[Excerpts from a dataset]
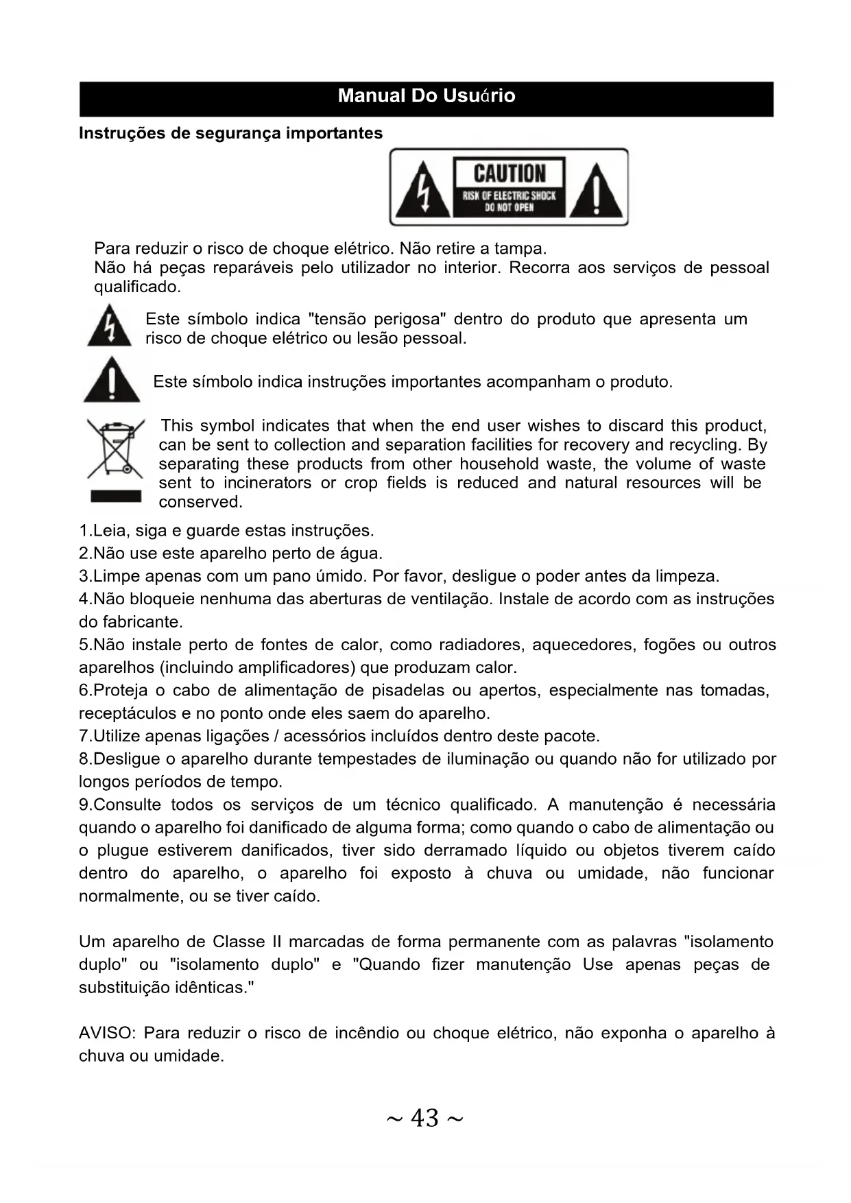 Leia o manual com atenção antes de utilizar Portuguese~ 43 ~ Para reduzir o risco de choque elétrico. Não retire a tampa. Não há peças reparáveis pelo utilizador no interior. Recorra aos serviços de pessoal qualificado. Este símbolo indica "tensão perigosa" dentro do produto que apresenta um risco de choque elétrico ou lesão pessoal. Este símbolo indica instruções importantes acompanham o produto. This symbol indicates that when the end user wishes to discard this product, can be sent to collection and separation facilities for recovery and recycling. By separating these products from other household waste, the volume of waste sent to incinerators or crop fields is reduced and natural resources will be conserved. Manual Do Usuário
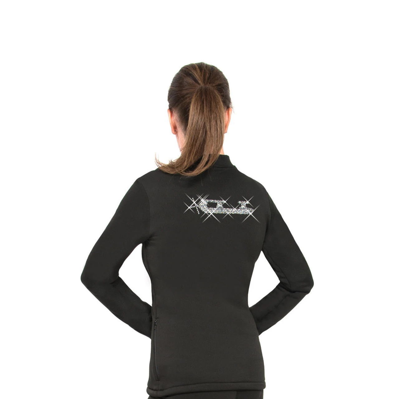Warm black fleece jacket with full front zipper and a sparkling crystal blade across the back.
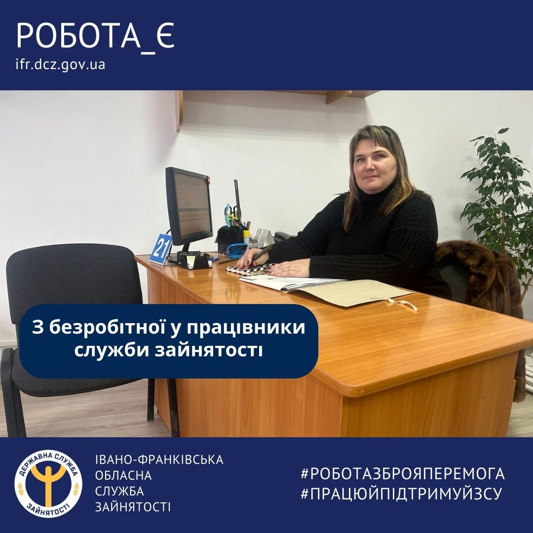 Як результат, з початку цього року пані Оксана приєдналася до дружньої команди працівників служби зайнятості і на даний час працює на посаді консультанта роботодавця в Косівській філії Івано-Франківського обласного центру зайнятості.
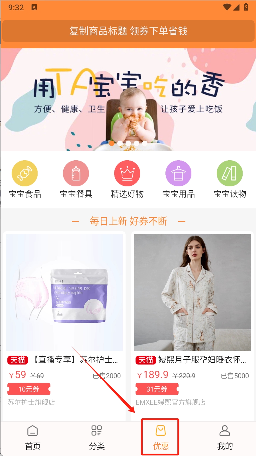 3、在优惠页面,浏览每日上新的优惠券和折扣商品。这样可以帮助你节省购物开支,获取更多优惠。
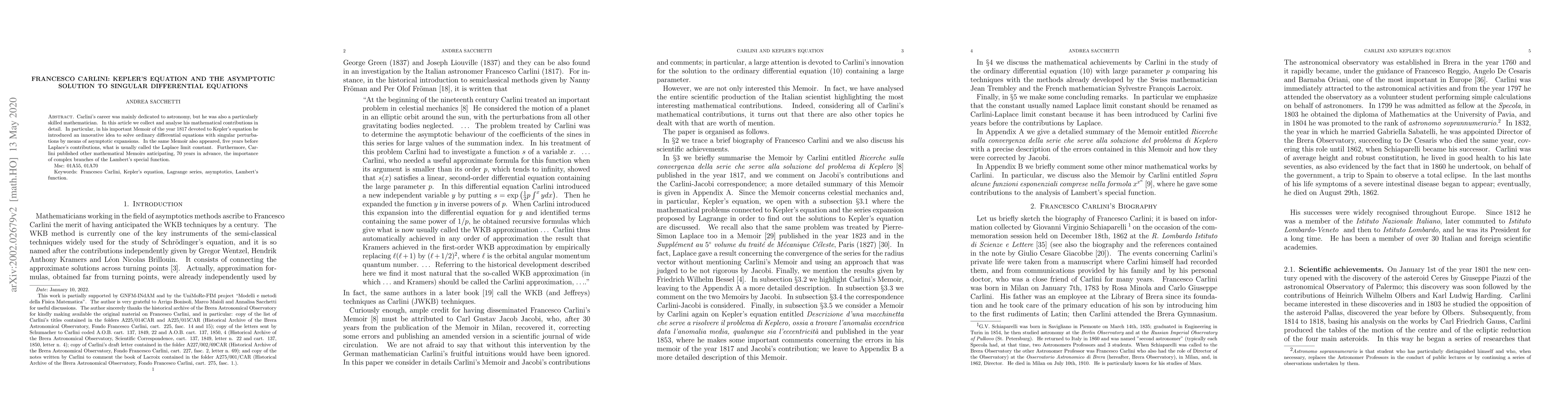 This paper highlights Francesco Carlini's mathematical contributions to solving differential equations with singular perturbations using asymptotic expansions, 70 years ahead of Laplace's work on the subject.
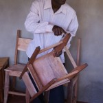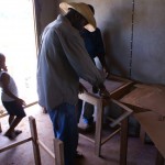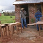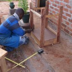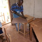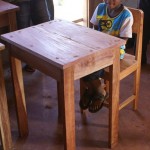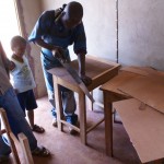 Zagen, timmeren, schuren, lakken… gelukkig had hij wel wat hulp. Het was meer werk dan hij tevoren ingeschat had en hij had ook niet genoeg hout berekend. Dit jaar zijn er in de hoogste klas (klas 2, met 8- jarigen) 30 kinderen aangenomen op de school, maar nog niet alle leerlingen zijn op komen dagen. Tot nu toe zijn er 21 kinderen en dus zijn er alvast 21 tafeltjes en stoeltjes afgemaakt zodat de klas snel kon beginnen. De verwachting is dat in de loop van het schooljaar ook de andere kinderen binnen zullen druppelen, dus aan de andere 9 wordt nog hard gewerkt!
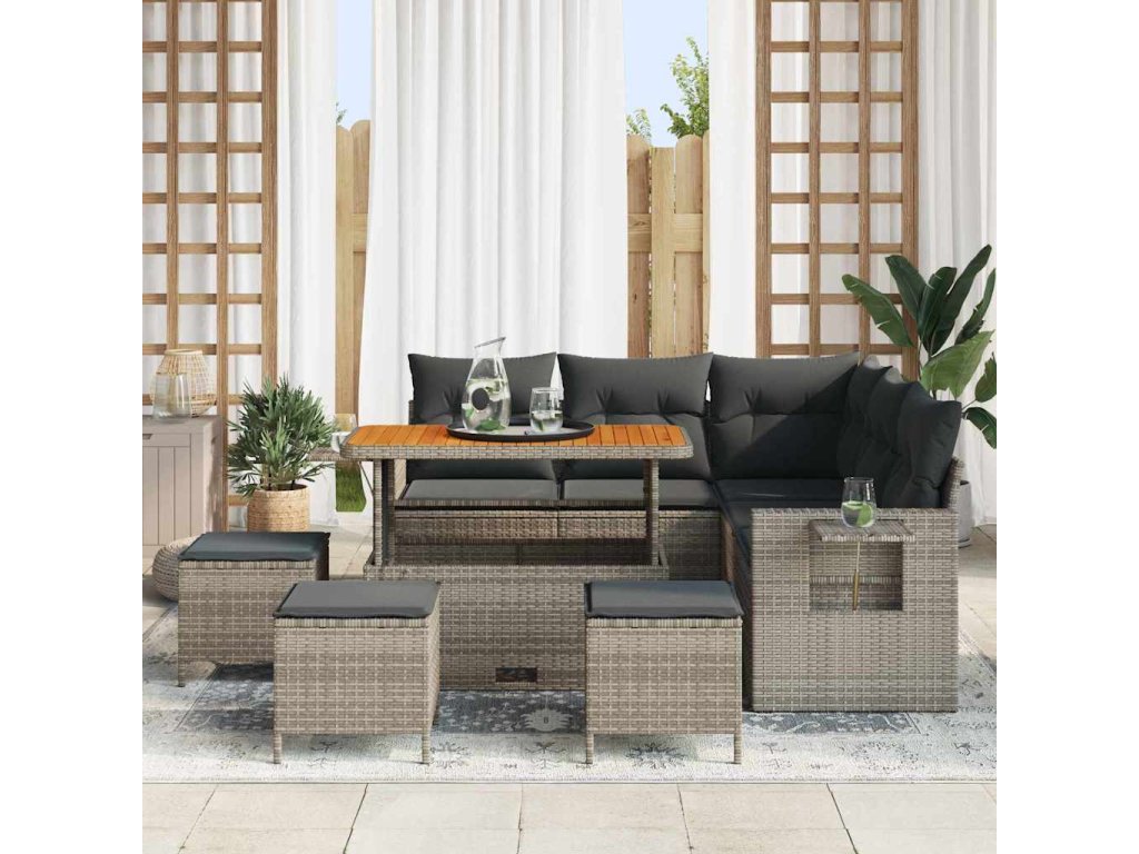 Sada zahradních pohovek s polštářem 9 pcs Šedá polyratan 3361753
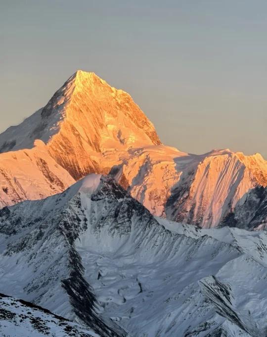 完美的贡嘎雪山日照金山11月4号 为了今天的晴天我们改了行程,决定先去子梅垭口再去冷嘎措,都做到了,越野路段一百公里,两处海拔四千四百多,步行爬山累得要死,山上冷啊,但一切都值得了[笑哭]日照金山 贡嘎雪山
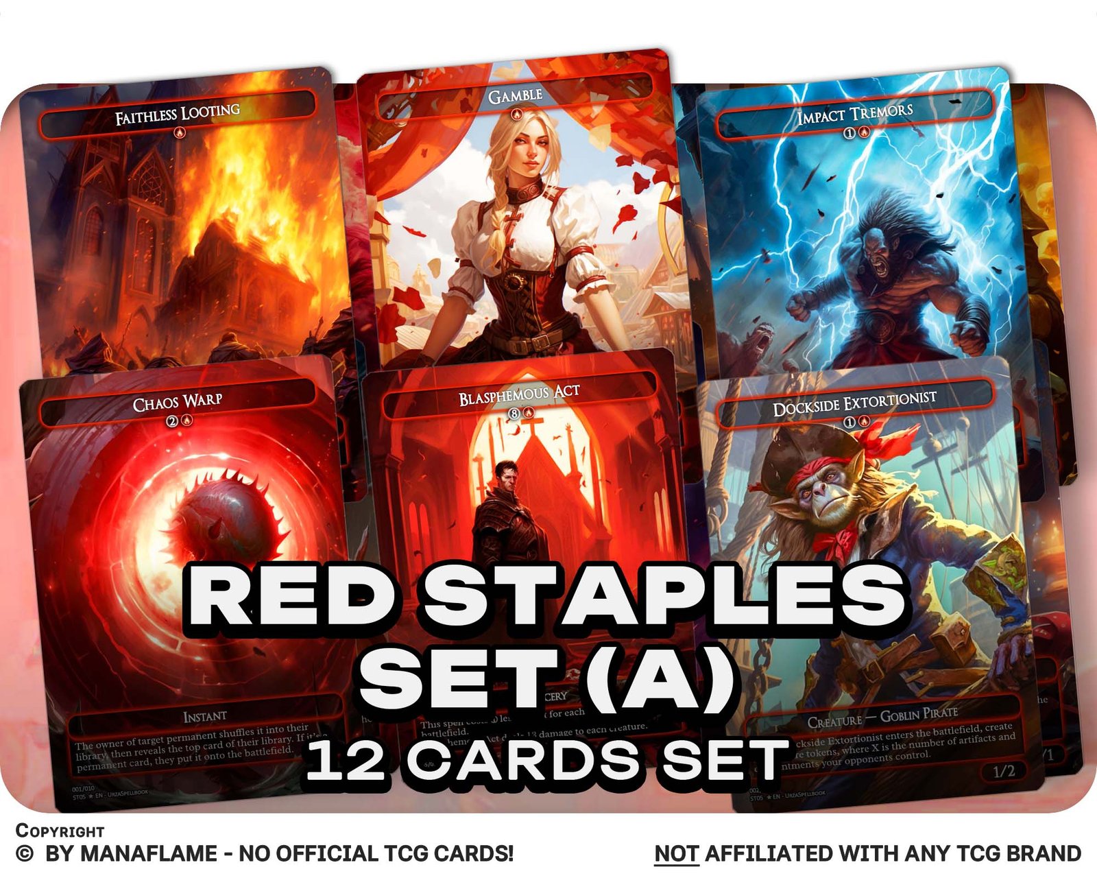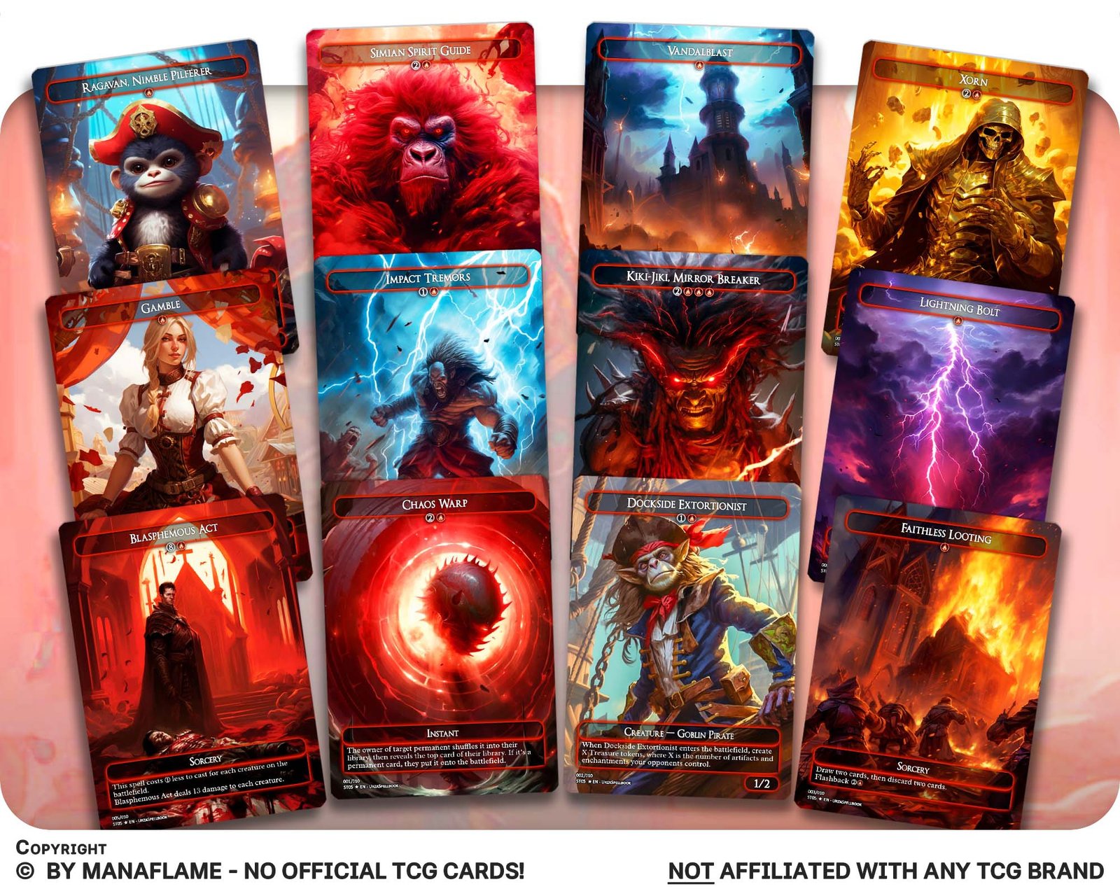 A fiery 12-card collection of red’s most iconic staples — from fast mana and efficient removal to chaotic board wipes and combo enablers. Perfect for proxy enthusiasts who want to unleash red’s speed, aggression, and unpredictability.
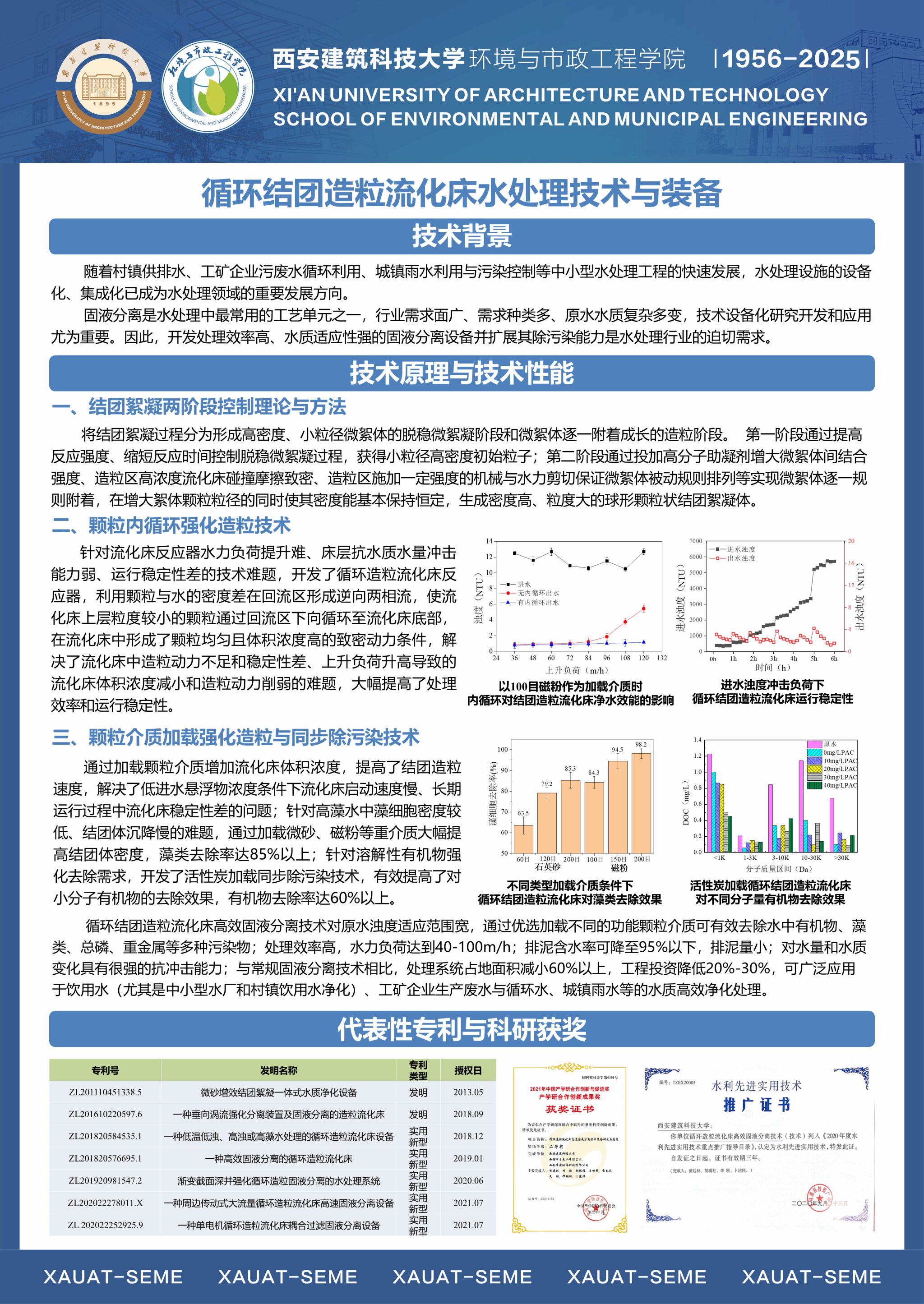 近5年,团队研发的5大类核心技术与装备涵盖了从水源水质污染应急控制与水质改善、季节多变与复合污染水质的一体化高效处理、工矿企业水质稳定与废水零排放、初期雨水高速净化与资源化等多个行业领域,其中《水源水库扬水曝气水质污染控制技术》和《循环造粒流化床高效固液分离技术》被水利部2020年认定为“水利先进实用技术”重点推广;研发的《化学结晶循环造粒流化床技术》和《循环造粒流化床高效固液分离装备》入选2023年工信部和水利部“国家鼓励的工业节水工艺、技术和装备目录”。研发的技术设备在全国17省的105项工程中得到大规模应用和转化,应用专利技术设备共计274台套;专利转让或许可费用超2000万元,经济、社会、环境效益极为显著。

*EXERCISE*
Retype, please, exactly the lines that begin with the one containing "Sada zahradních pohovek" and end at the last line of the entries above, both included, leaving out pictures.

*OUTPUT OF THE TASK*
 Sada zahradních pohovek s polštářem 9 pcs Šedá polyratan 3361753
 完美的贡嘎雪山日照金山11月4号 为了今天的晴天我们改了行程,决定先去子梅垭口再去冷嘎措,都做到了,越野路段一百公里,两处海拔四千四百多,步行爬山累得要死,山上冷啊,但一切都值得了[笑哭]日照金山 贡嘎雪山
 A fiery 12-card collection of red’s most iconic staples — from fast mana and efficient removal to chaotic board wipes and combo enablers. Perfect for proxy enthusiasts who want to unleash red’s speed, aggression, and unpredictability.
 近5年,团队研发的5大类核心技术与装备涵盖了从水源水质污染应急控制与水质改善、季节多变与复合污染水质的一体化高效处理、工矿企业水质稳定与废水零排放、初期雨水高速净化与资源化等多个行业领域,其中《水源水库扬水曝气水质污染控制技术》和《循环造粒流化床高效固液分离技术》被水利部2020年认定为“水利先进实用技术”重点推广;研发的《化学结晶循环造粒流化床技术》和《循环造粒流化床高效固液分离装备》入选2023年工信部和水利部“国家鼓励的工业节水工艺、技术和装备目录”。研发的技术设备在全国17省的105项工程中得到大规模应用和转化,应用专利技术设备共计274台套;专利转让或许可费用超2000万元,经济、社会、环境效益极为显著。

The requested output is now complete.